This system contains greater than 50% cover of natural, cool-season grasses such as Festuca spp., Pascopyrum smithii, Elymus lanceolatus, Hesperostipa comata, Hesperostipa curtiseta, and Nassella viridula. Hesperostipa comata becomes increasingly important where improper grazing regimes have favored it at the expense of (usually) Pascopyrum smithii; progressively more destructive grazing can result in the loss of Pascopyrum smithii from the system followed by drastic reduction in Hesperostipa comata and ultimately the dominance of Bouteloua gracilis (or Poa secunda and other short graminoids) and/or a lawn of Selaginella densa. Koeleria macrantha, at least in Montana and southern Canada, is the most pervasive grass; if it has high cover, past intensive grazing is the presumed reason. Shrub species such as Symphoricarpos spp. and Artemisia frigida also occur. Cover of native, nongrazing-induced shrubs typically does not exceed 25% in conjunction with topographic relief (breaks); otherwise the stand would be considered part of Northwestern Great Plains Shrubland (CES303.662). Cool-season exotics such as Poa pratensis, Bromus inermis, and the annual Bromus tectorum can increase in dominance with overgrazing; both of the above-named rhizomatous grasses are sufficiently aggressive to outcompete natives regardless of disturbance regime. Likewise, shrub species such as Juniperus virginiana can also increase in dominance with fire suppression.

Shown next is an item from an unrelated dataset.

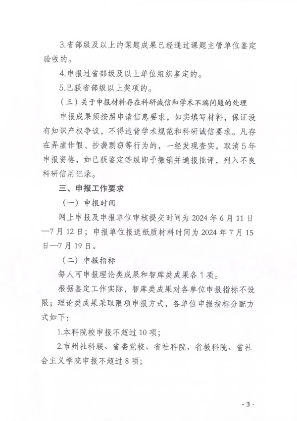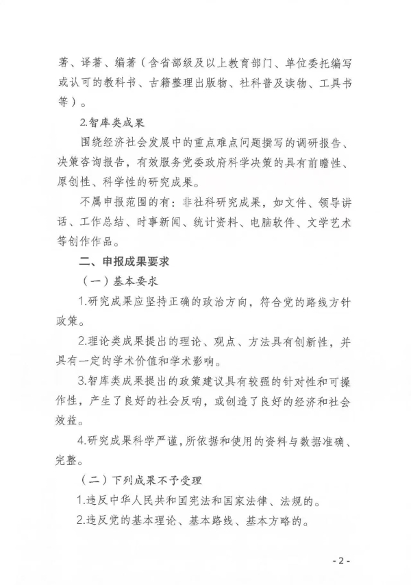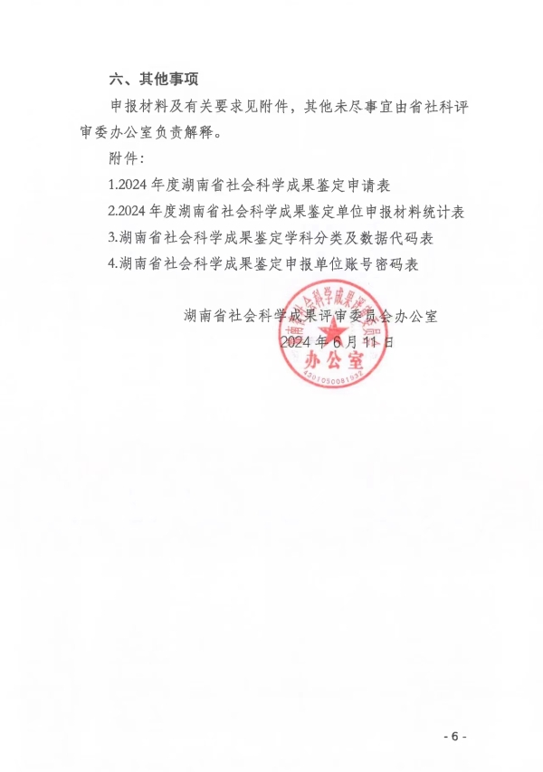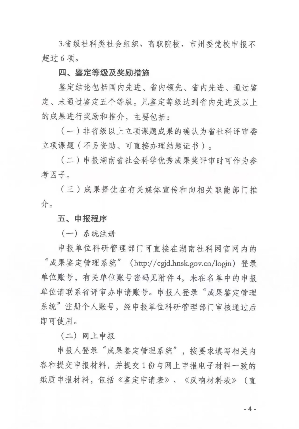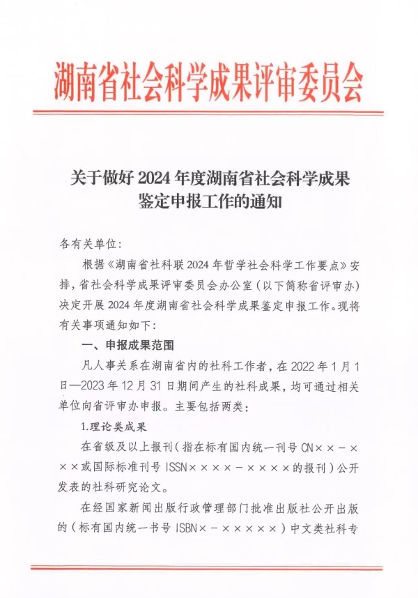 转发:关于做好2024年度湖南省社会科学成果鉴定申报工作的通知 来源: STB 发布时间:2024-06-13 浏览次数:[7206] 次 附件: 2024年度湖南省社会科学成果鉴定申请表.doc 2024年度湖南省社会科学成果鉴定单位申报材料统计表.xls 湖南省社会科学成果鉴定学科分类及数据代码表.doc 【打印正文】 上一篇: 转发:关于申报2024年度衡阳市指导性计划项目的通知 下一篇: 关于组织申报2024年度衡阳市知识产权专项项目的通知
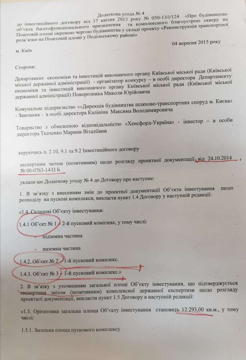 Дополнение к инвестиционному договору №050-13/і/124 было подписано тремя сторонами: директором ООО “Хенсфорд-Украина” Мариной Ткаченко, директором КП Владимиром Кислициным и директором Департамент экономики и инвестиций Киевской горгосадминистрации (КГГА) Николаем Поворозником, который ныне является первым заместителем главы КГГА Виталия Кличко.

This system extends from northern Nebraska into southern Canada and westward through the Dakotas to the Rocky Mountain Front in Montana and eastern Wyoming, on both glaciated and non-glaciated substrates. It occurs on a wide variety of landforms (e.g., rolling uplands, mesatops, stream terraces) and in proximity to a diversity of other systems. Elevations range typically from 430-1220 m, and up to 1980 m in the northwestern extent (LANDFIRE 2007a).

Climate: The climate is cool, continental, ranging from hot summers (mean daily temperature in July of 15°C in the northwest to 25°C in the southeast) to cold winters (mean daily temperature of -16°C in the northeast to -5°C in the southwest). Precipitation increases from west (25 cm) to east (55 cm) with most falling as rain or snow from April through June (LANDFIRE 2007a). Climate and growing season length for the region this system occurs are intermediate to the shortgrass regions to the west and southwest and the tallgrass regions to the east with a shorter growing season and less humid climate compared to the range of Central Mixedgrass Prairie (CES303.659). Moisture conditions are generally semi-arid.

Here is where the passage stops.